Hello, we are trying to determine if it is better ...
# community-help
v
Hello, we are trying to determine if it is better to denormalize our collections to avoid doing a two-stage search or if we should keep the collections in typesense normalized. The trade-off is between record size and performance. What if we self-hosted, will the performance issue be mitigated? Are there any other considerations we are missing?
j
In general storing data in a denormalized way is more performant in Typesense. We only store a given field's value once in the index, so it is very memory efficient especially if you have repeated values in your docs. re: self-hosted vs Cloud, performance-wise there should be no difference. In fact we run the same open source version of Typesense to power Typesense Cloud.
v
Thanks @Jason Bosco - this helps regarding how to build our collections! The performance issue I was referring to is to do with latency rather than of Typesense Cloud
j
Typesense Cloud has a presence in 20 geo regions, and coupled with the Search Delivery Network feature, you should be able to get pretty low latencies, especially if you're sending queries directly from the browser/app to Typesense. If you're sending queries from your frontend to your backend and then to Typesense, then running Typesense in the same network as your backend will have the lowest latency.

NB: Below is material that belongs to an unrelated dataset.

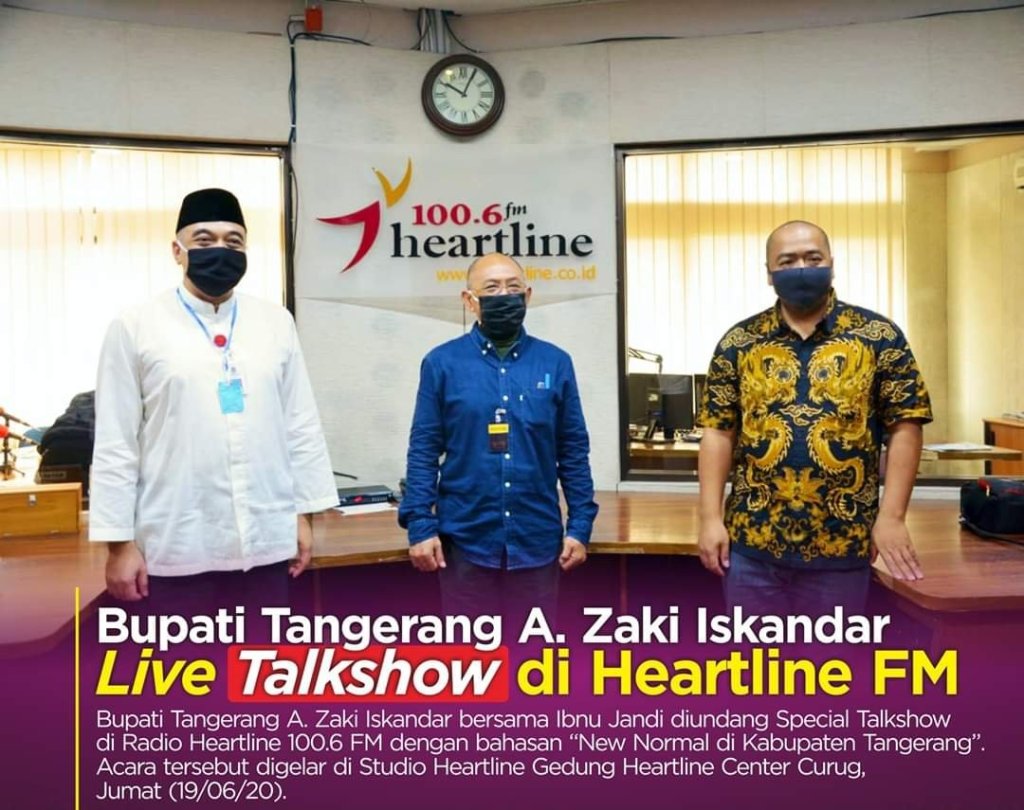 Tangerang – Bupati Tangerang A. Zaki Iskandar bersama Ibnu Jandi diundang Special Talkshow di Radio Heartline 100.6 FM dengan bahasan “New Normal di Kabupaten Tangerang”. Acara tersebut digelar di Studio Heartline Gedung Heartline Center Curug, Jumat (19/06/20).

You could pick a region that's closest to your backend, and that will add may be 10-20ms of latency.
This is just network latency btw. Search (CPU) processing time will be identical
v
Thank you - this helps! Where can I get some documentation on
Copy code
we only store a given field's value once in the index
j
That particular part is not documented anywhere, but it's essentially an inverted index data structure: https://en.wikipedia.org/wiki/Inverted_index
v
Thank you Jason! Appreciate your quick help on this!
j
Happy to help!